# Lightweight proxy for Raspberry Pi



## drmike (Nov 17, 2013)

Tinkering with my Raspberry Pi.   

One of the first projects is to centralize my network outbound traffic in one spot.   

Main piece there is a proxy.

I tried Squid and Privoxy.

Squid hits 40-60% of CPU at around 1600KB/s

Privoxy hits 30-40% of CPU at around the same throughput.

Config for Squid is simple and no caching or anything.  Straight in and out.

Privoxy is running the default config.

Anyone have tuning tips to reduce CPU load here and perhaps better lightweight proxy alternatives?  Goal is to also provide caching in the proxy.   Lots of redundant traffic (updates and similar).  I can't fathom the load as-is if I graft caching in with slow SD card.


----------



## Deleted (Nov 18, 2013)

Most of it is probably syscall overhead from read(), and write(), to socket calls.

You should attach strace to the process with the '-c' arguement and let it run for a few minutes, then see what it's spending time doing the most (if it's sycall load) and then optimize from there.


----------



## BuyCPanel-Kevin (Nov 18, 2013)

Have you tried PHProxy?


----------



## drmike (Nov 18, 2013)

PHPProxy won't work since this isn't web browsing one off pages, but basically anything that can be stuffed into a SOCK5 proxy or equivalent.  Includes desktop software.

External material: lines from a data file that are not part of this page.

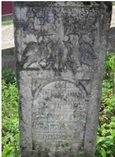
מצבת יוטא בת ר' יוסף מו"ץ

עד כאן. נוסח מצבתו: פ"נ איש תם וי"ש [וירא שמים] המופלג החסוד מו' יוסף במוהר"ר משולם נפ' ער"ח ניסן תרל"ג תנצב"ה.
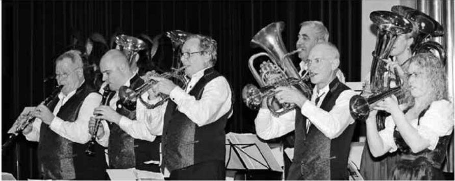
Beschwingt, mit gehobener Spielkultur: Das Benefizkonzert der Sarganserländer Musikanten zugunsten von Hospizgruppe Sarganserland war für alle Beteiligten ein Erfolg.

Dieses Jahr wurde das Konzert zum zweiten Mal in der Kantonsschule Sargans durchgeführt. Lesen Sie dazu den Zeitungsbericht von Ignaz Good, welcher im Sarganserländer erschienen ist. Den kompletten Artikel finden Sie auf unserer Internetseite – www.slm-musikanten.ch .
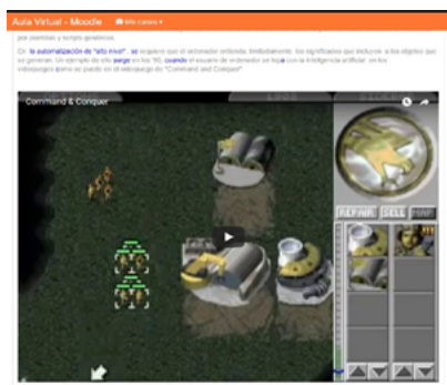
Figura 1. Captura 1

En las producciones encontramos, primero, relaciones que denominamos «de ejemplificación», a partir de las cuales se incorporan hipertextualmente al resumen objetos digitales que brindan un ejemplo del concepto sintetizado. Tal es el caso, por ejemplo, del resumen realizado por una de las alumnas sobre el concepto de automatización, de Manovich (2005). A continuación, un fragmento ilustrativo de dicho resumen: «En la automatización de “alto nivel”, se requiere que el ordenador entienda, limitadamente, los significados que incluyen a los objetos que se generan. Un ejemplo de ello surge en los ‘90, cuando el usuario de ordenador se topa con la inteligencia artificial en los videojuegos como se puede en el videojuego de “Command and Conquer”» ( Figura 1. Captura 1 ) (Asignatura Tecnología Educativa, 2016a). Luego, a continuación de este fragmento, encontramos un video de aproximadamente ocho minutos en el que se exhibe, a modo de ejemplo, la acción del videojuego en cuestión. Algo similar sucede cuando, en la misma actividad, uno de los alumnos presenta imágenes con capturas de pantalla del procesador de textos Microsoft Word ( Figura 2. Captura 2 ) para ejemplificar el concepto de modularidad, también de Manovich (2005).
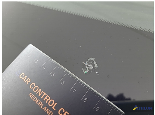
2. diverse Gebruikssporen
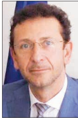
جيو سبيني سكوتاميليو

نفس التكنولوجيا التي سستلي احتياجات قطاع الإنشاءات المزدهر في سوق الكويت. وخلال زيارته للشركة، قام السفير الإيطالي بتهنئة المهندس كارلو ميكولي على تجهيز المنشأة بأفضل الآليات الإيطالية
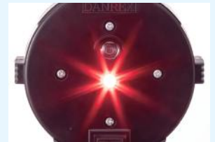
背面 LED 発光時
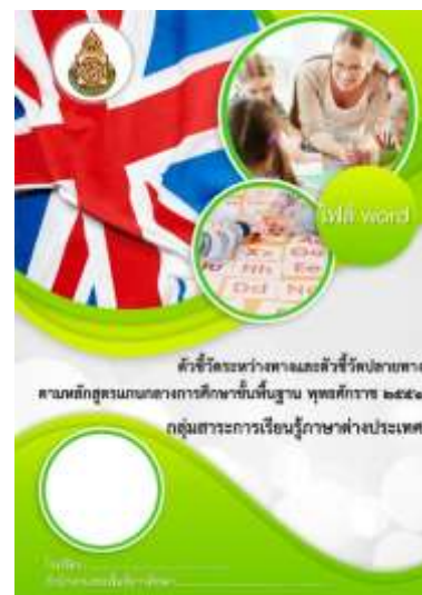
หลักสูตรแกนกลางการศึกษาขั้นพื้นฐาน
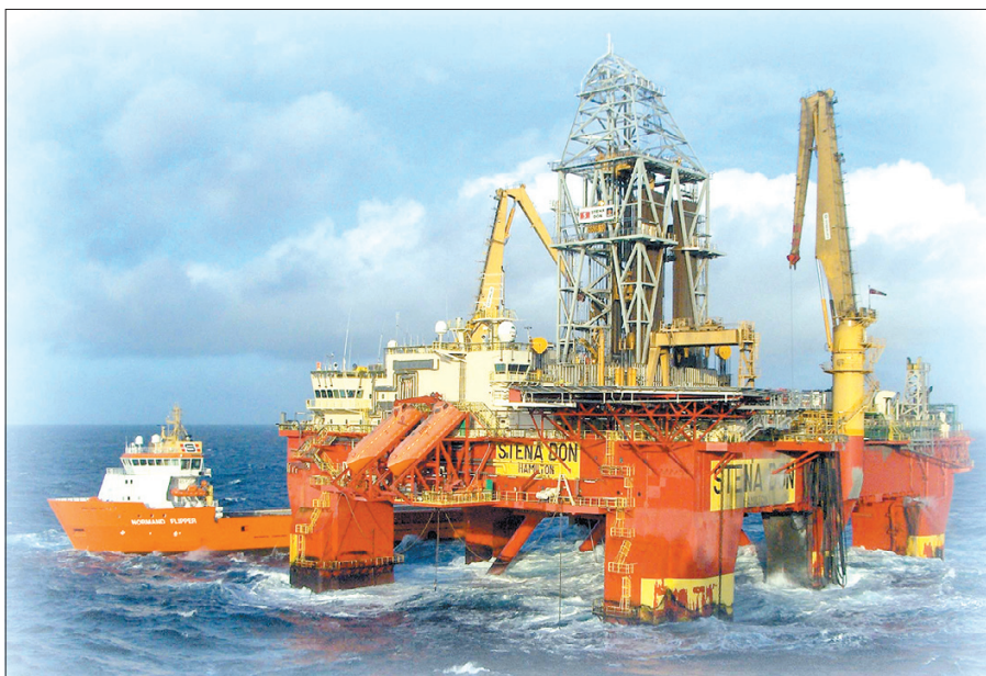
Stena Don, sum fer at bora Brugdubrunnin í summar
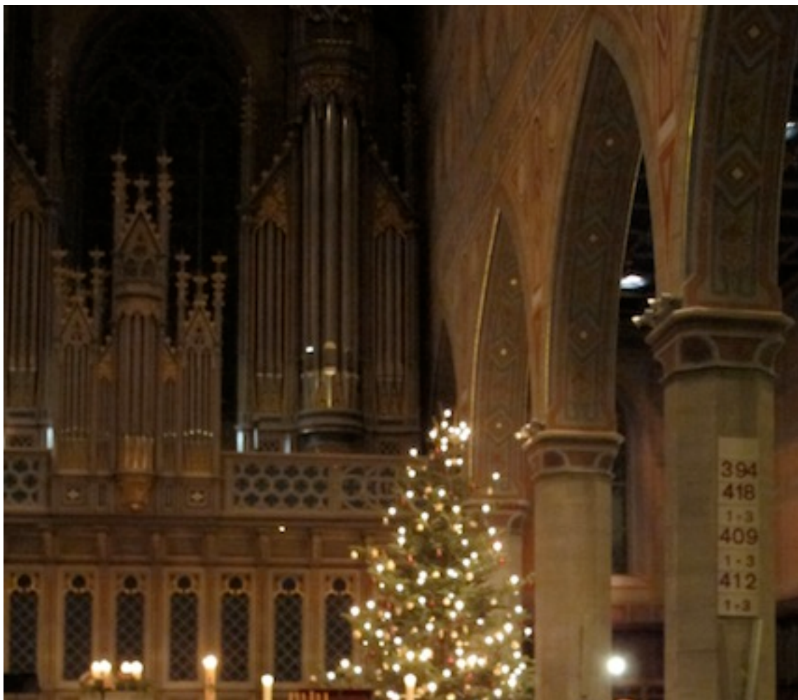
Heilig Abend 2014 in der St. Laurenzen Kirche in St. Gallen

Ich legte mich für eine kurze Zeit ins Gras. Wenige Minuten später wurde ich an das Todesbett meines Vaters geholt.
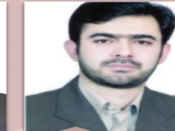
مدیر دفتر حقوقی
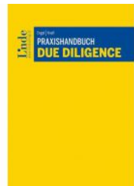
Praxishandbuch Due Diligence Ladenpreis: 68,00EUR
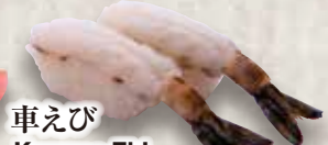
車えび Kuruma Ebi Kuruma Prawn 日本黑虾
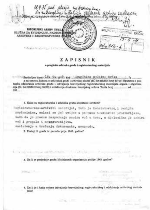
Zapisnik o pregledu arhivske građe i registraturnog materijala, Istorijski arhiv Tuzla, Služba za evidenciju, nadzor i zaštitu arhivske i registraturne građe, od 13. VI 1975. godine

materijala po odobrenju Arhiva grada Tuzla, obavljeno 1964. godine, što govori o tome da je stručni nadzor nad ovom registraturom otpočeo mnogo ranije. Zapisnik o izlučivanju bezvrijednog registraturnog materijala iz 1964. godine nije sačuvan. Kao što je u zapisniku iz 1968. godine zabilježeno, prijetila je opasnost od uništenja građe. 5
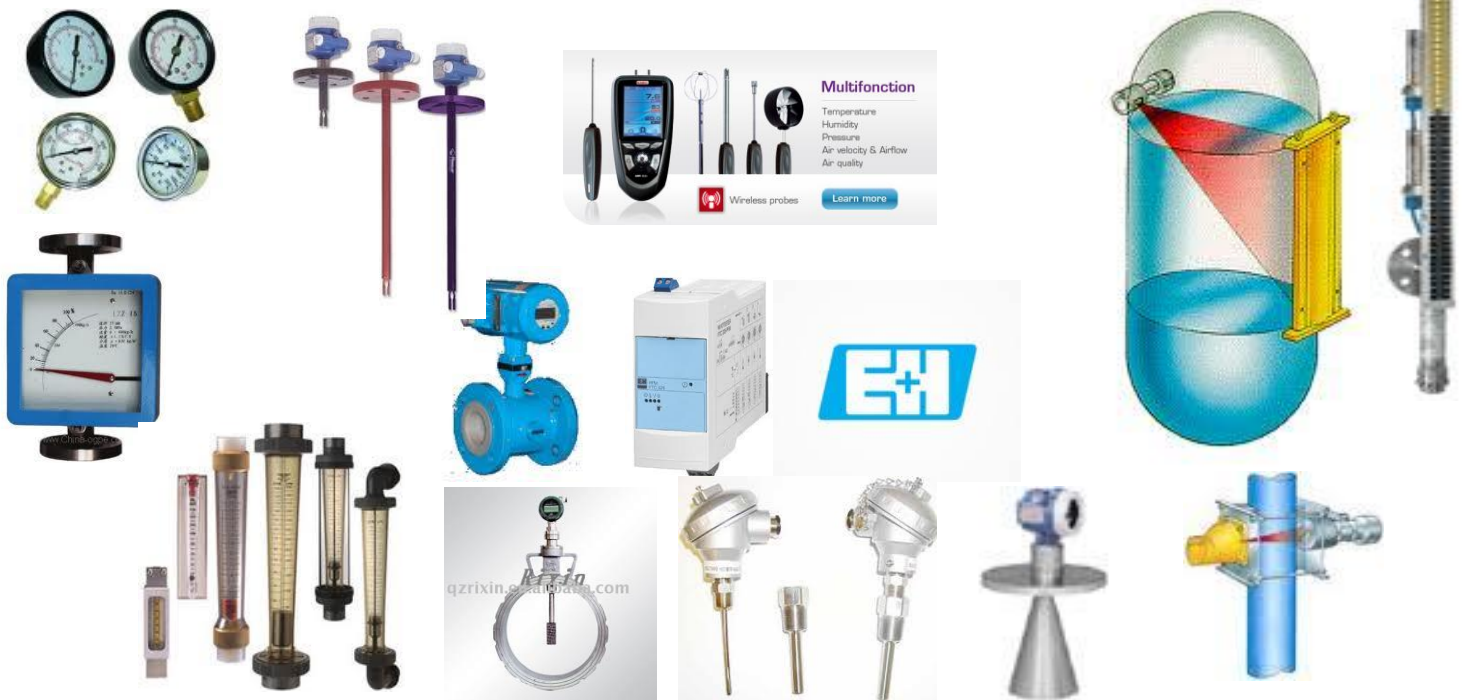
ABB- Siemens – Fisher – Rosemount- Emerson – Kobold

انواع ابزار دقیق: اعم از لول مترها و دانسیته مترها، پرشر سویچ ها و... محصول شرکت E+H و سایر برندهای معتبر
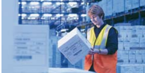
B-SX4 & B-SX5

@Monkburger,  I've never messed with strace, interesting new thing for me.  Here's what I am getting from a minute or two from Squid's process:



> *strace -c -p 22408 -v*
> 
> Process 22408 attached - interrupt to quit
> Process 22408 detached
> ...


66% epoll_wait

22.81% write

4.98% read

Where does one go to optimize based on these?  I am off to find info on strace and any write ups on optimization.


----------



## Deleted (Nov 18, 2013)

Try building squid without epoll to see if that helps, it should fallback to using select().. 

I think there is a command line option to switch this on the fly, but I can't remember.


----------